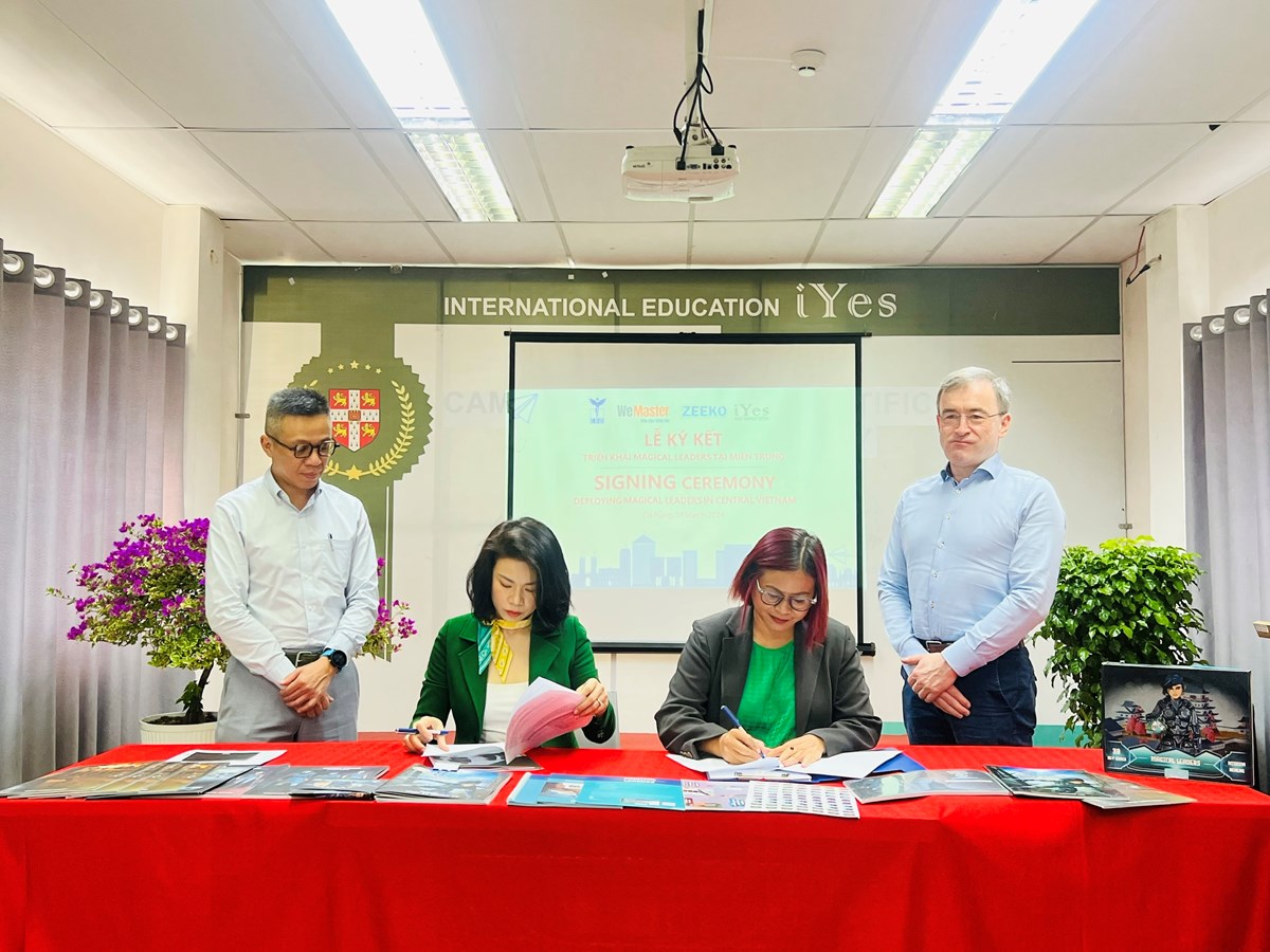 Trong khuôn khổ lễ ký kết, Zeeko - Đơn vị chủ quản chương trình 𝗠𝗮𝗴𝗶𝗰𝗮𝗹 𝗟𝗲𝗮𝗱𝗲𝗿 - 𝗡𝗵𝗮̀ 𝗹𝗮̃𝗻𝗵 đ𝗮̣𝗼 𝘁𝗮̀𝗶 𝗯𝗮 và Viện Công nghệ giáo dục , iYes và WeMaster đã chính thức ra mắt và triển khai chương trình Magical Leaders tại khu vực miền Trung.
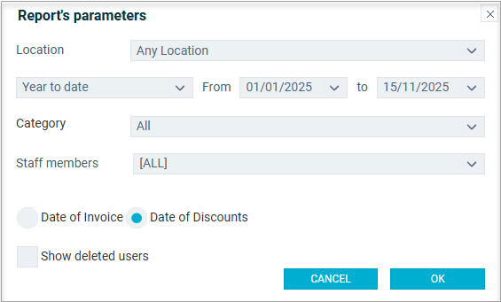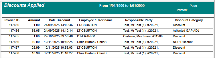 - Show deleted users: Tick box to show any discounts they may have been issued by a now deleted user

================================

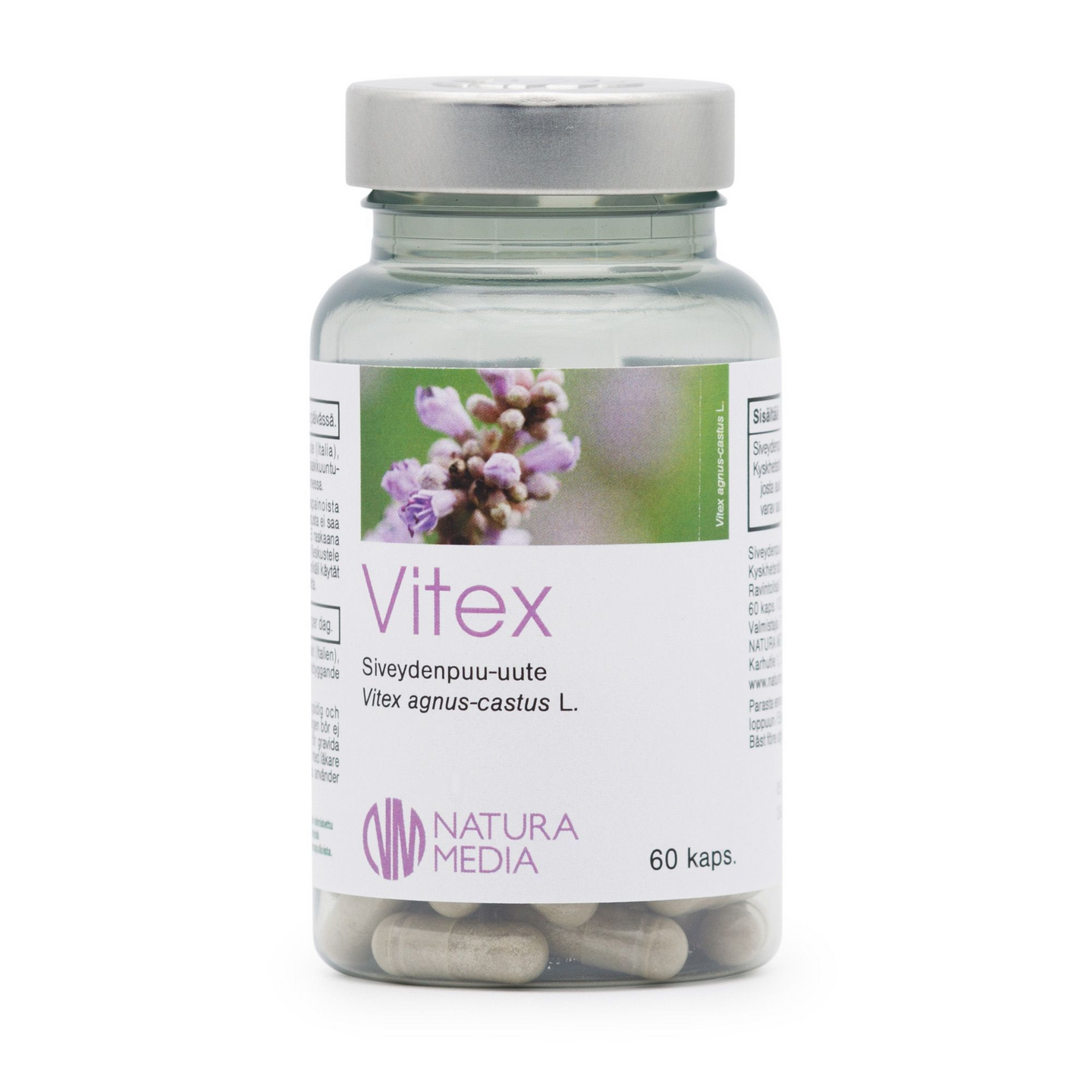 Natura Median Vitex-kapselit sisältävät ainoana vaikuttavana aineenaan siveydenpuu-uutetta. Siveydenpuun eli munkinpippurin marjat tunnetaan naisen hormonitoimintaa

================================

» TASK TO COMPLETE: Beginning with the line that contains "Trong khuôn khổ" and ending with the line that contains "- Show deleted", reproduce the listing exactly, pictures excluded.

» RESPONSE TO THIS TASK:
 Trong khuôn khổ lễ ký kết, Zeeko - Đơn vị chủ quản chương trình 𝗠𝗮𝗴𝗶𝗰𝗮𝗹 𝗟𝗲𝗮𝗱𝗲𝗿 - 𝗡𝗵𝗮̀ 𝗹𝗮̃𝗻𝗵 đ𝗮̣𝗼 𝘁𝗮̀𝗶 𝗯𝗮 và Viện Công nghệ giáo dục , iYes và WeMaster đã chính thức ra mắt và triển khai chương trình Magical Leaders tại khu vực miền Trung.
 - Show deleted users: Tick box to show any discounts they may have been issued by a now deleted user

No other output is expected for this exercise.